A good example of how banks can mismanage the relationship with their customers is when a bank representative contacts a customer suggesting a range of options totally unsuited to that customer’s requirements. The representative might propose a series of investments, unaware that the individual has a low credit balance and is already committed to a mortgage and is not in a position to invest funds.
This kind of scenario, which is by no means uncommon, arises through poor management of existing information. The specific details of an existing customer’s situation will be available within a bank’s existing databases. The problem is that, in many cases, not all of this information is available to customer service representatives i.e. the ‘Single Customer View’.
Situations such as these represent a failure by banking management to capitalize on the potential of technology. The main factor contributing to this shortcoming is that the development of IT systems is still not looked at from the customer’s perspective. IT managers are often still charged with interpreting the value for customers of new technology systems. This decision should be made by customer facing representatives of the bank who can accurately judge the potential benefits of new technology systems for the end user.
The threat that these trends pose to the traditional banks lies in the emergence of what are known as ‘mono-line providers’ i.e. institutions that provide a single service targeted at banking customers. High profile ‘mono-line’ providers include Marks & Spencer, Virgin Direct and Intelligent Finance, a subsidiary of the Halifax Group. A good example of the breed is Standard Life, which provides mortgages to customers by telephone and over the Internet.
Companies involved in providing this kind of single, focused service have certain advantages and most importantly, they can benefit from a lower cost of delivery to the customer. In addition, the more limited scale and scope of these organizations mean that they are in a position to develop more intimate and fruitful customer relationships. For this reason, these institutions form a potential threat to the established banks. It is too early to suggest that these companies can fundamentally alter the landscape of the banking sector. But their potential influence on the industry should not be taken lightly.
What is required in banking circles is a new approach, combining two elements. Firstly, there is a need for a move away from the ‘tele-sales’ contact with customers, in favour of a ‘tele-consulting’ relationship, involving greater interaction and consultation with the customer.
The second element, arguably the more complex, involves a greater focus on developing customer relationship management (CRM) systems that can accurately collate all the relevant information on a specific customer, as opposed to isolated data relating to specific elements of the customer’s business.
The problem with re-engineering IT systems along these lines is that it costs big money and involves major surgery to existing technology infrastructures.

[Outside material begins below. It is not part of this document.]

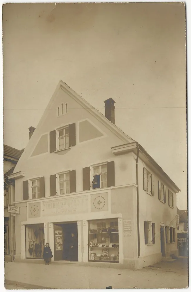 In den zwanziger Jahren zog das Schirmgeschäft Kienzle von der Kapellenstraße 54 ins Zentrum Laupheims (Mittelstraße 59). Das Sortiment wurde erweitert, neu hinzu kamen Tabakwaren.
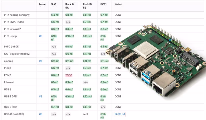 Bien que les SoC Rockchip RK3566 et RK3568 plus simples soient déjà assez bien pris en charge dans Linux principal, davantage de travail est nécessaire pour amont du code, et comme indiqué précédemment dans les articles et commentaires ici, Collabora garde une trace du statut sur Gitlab, et la société a récemment publié un article sur les progrès et les projets futurs liés à la prise en charge Linux en amont pour Rockchip RK3588.

To develop a customer information system for large banks that can instantly provide the necessary data requires the integration of IT systems across all the relevant functions e.g. mortgages, offshore accounts, investments, etc.
For some banks, of course, this would mean dismantling established legacy applications to re-engineer them in line with revised requirements. Although this would represent, at first glance, a step back to take two steps forward with little sign of an immediate return, it is certain that such a move would prove to be of immense benefit in the longer run.
Combined with a greater focus on interacting with the customer on a consultative level, revamped CRM techniques could allow banks to increase the benefits they can bring to their customers and transform themselves into considerably more customer-centric organizations, better equipped to cope with the demands of the 21st century financial services industry.